As affects this appeal, the act of 1933 (c. 162, § 12) merely amended article 7105 (Vernon’s Ann.Civ.St. art. 7105), which named the various corporations included in the taxing law by adding or including therein common carrier oil pipe line companies, such companies not having been included in the act of 1907. No other change material here was made in any provision of the act of 1907, and the court decisions •construing said act necessarily apply to oil pipe line companies brought under the taxing law by the 1933 amendment.
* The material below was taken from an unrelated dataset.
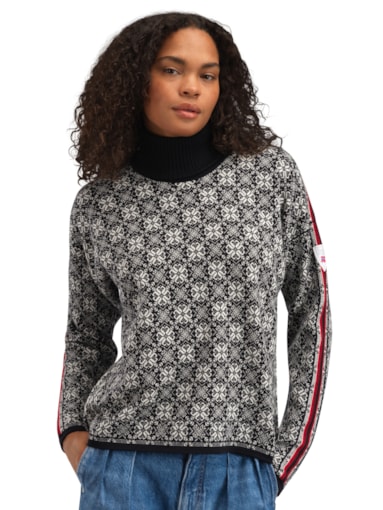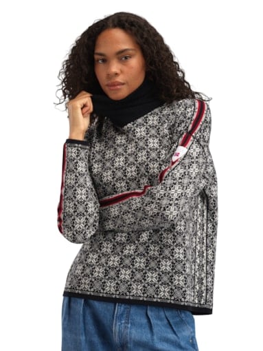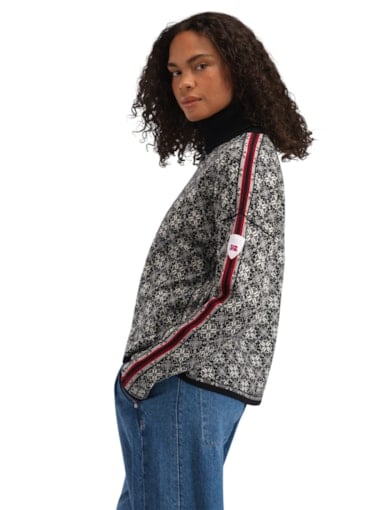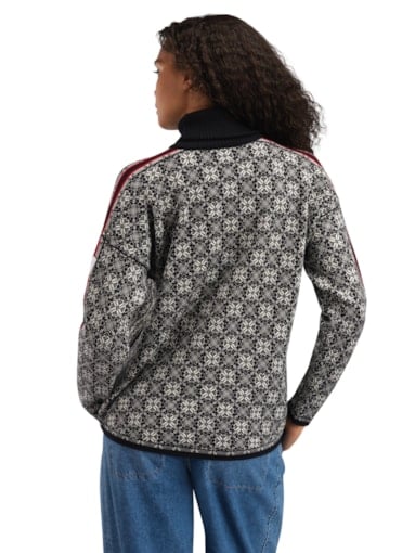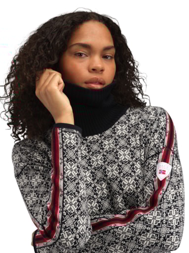 Dette er en avslappet, høyhalset ullgenser med en oppdatert og vid passform. Genseren har en noe lenger rygg enn front. Det heldekkende mønsteret er uendret, bestående av en avrundet variant av den tradisjonelle åttebladrosen.

With respect to the method of equalization of the intangible assets taxed by the state tax board, the act (articles 7101 and 7102) provides and makes it the duty of said board to examine the books, papers, and accounts of all taxpayers for the purpose of acquiring information in aid of the enforcement of all tax laws; and the board, ór a member thereof, is required to at least once each year visit such counties in the state as deemed necessary for the purpose of investigating into and aiding in the enforcement of all revenue laws, and especially those relating to “the rendition, assessment and collection of taxes.” The act (articles 7106 to 7113) further requires each corporation included therein to deliver a verified statement to the state tax commissioner each year showing certain specified data, including the “assessed and true value” of its tangible assets or property “in each county in this state and the total assessed value and also the true value thereof.” It further provides the method by which the state tax board may ascertain the true value of the intangible assets of each corporation included in the act, and that when the statement supplied under the terms of the act appears to be insufficient, the board may demand additional information and hear evidence in any manner it may deem best; the act directing the board to so value, assess, and apportion the intangible' assets as to bring about a just, fair, equitable, and lawful valuation and apportionment of the assessed valuation of the intangible assets ,to the various counties, which could not be done unless the board assessed them on an equal percentage of true value with other property generally in the counties where the tangible assets are located. In the instant case appellant filed its sworn statement as required by the act and on the form prescribed by the state tax board. The board fixed the value of appellant’s intangible assets at $4,621,000. This valuation, as fixed by the board, represented 48 per cent, of the true and full value of such intangible assets, the board having found through a state-wide investigation that, on the average, property generally was assessed by the various county authorities at 48 per cent, of its true and full value for taxation purposes.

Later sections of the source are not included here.